Merapikan kisah yang terekam
10 post dalam jangka waktu berapa lama ya ini…-.-
Jarak waktu ke 9 dan 10 Cuma beda beberapa menit sih, tapi sekarang bingung mau nulis apa! Perasaan banyak ide deh waktu itu pasti menguap lagi nih, huh…Ohh iyaa iyaaa “Daripada galau mending nulis”, motto baru nih liat aja nanti O.O
Jadi, baru-baru ini sih kayaknya minggu kemarin deh! Kebiasaan stalking instagram liat sana sini, liat olshop lah, liat rekomendasi olshop lah, liat endorse-an artis lah hahha sampai yang lagi hits liatin selebgram. Dan yeay such us unproductive actions gitu! Tapi, gak selamanya jelek-jelek amat juga sih, jadi gini dari hasil itu ada suatu kabar yang menggembirakan horeeeee horeeee…. tepuk tangan *prok *prok *prok eh belum juga cerita dink.
Jadi, eleh ini jadi-jadi mulu jadianya kapan ?? tuh baper lagi ! hahah
Jadi, alhasil tengak-tengok Instagram ada hal yang membuat saya bahagia, impian saya dari 10 tahun lalu kayaknya bisa terwujud, dan apa itu ? Penasaran kan? Penasaran gak sih? Harus penasaran pokoknya! (maksa).

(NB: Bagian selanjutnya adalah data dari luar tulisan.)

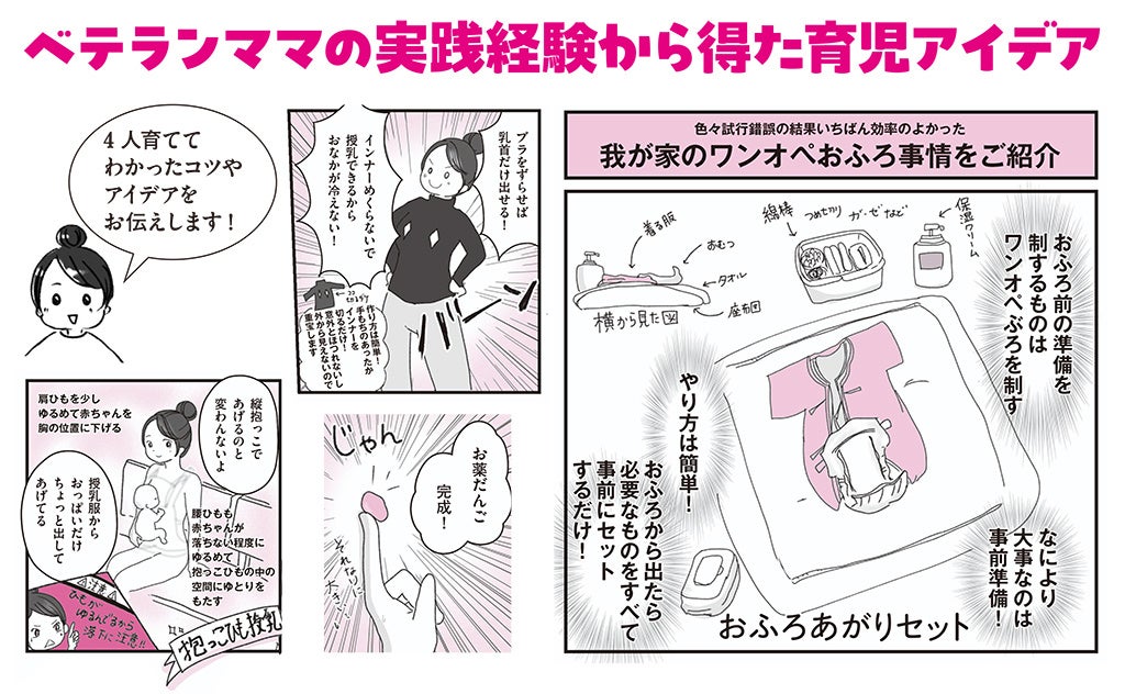 4人の子を育てた経験から得た、育児アイデアも惜しみなく公開。困ったときに役立つヒントがいっぱいです。

Jadi, kebenaran saya lahir, besar dan tinggal di kota Palembang tercinta. Saya memang lebih tertarik dengan sejarah dan senang mengunjungi tempat-tempat peninggalan sejarah, serasa bahwa waah jadi cerita atau berita yang terjadi diceritakan dibuku, atau sumber informasi lainnya benar adanya dengan mengunjungi tempat bersejarah, entahlah seperti ada suatu momen yang bisa membuat bahagia, dan Palembang sebenernya merupakan kota tertua dan memiliki potensi sejarah yang besar apalagi sumsel pasti banyak peninggalan sejarah yang tersebar di Sumsel, namun yang sangat disayangkan adalah pemerintah dan masyarakat kurang atau bahkan tidak peduli sehingga banyak bangunan kuno disulap menjadi ruko, ataupun hotel L.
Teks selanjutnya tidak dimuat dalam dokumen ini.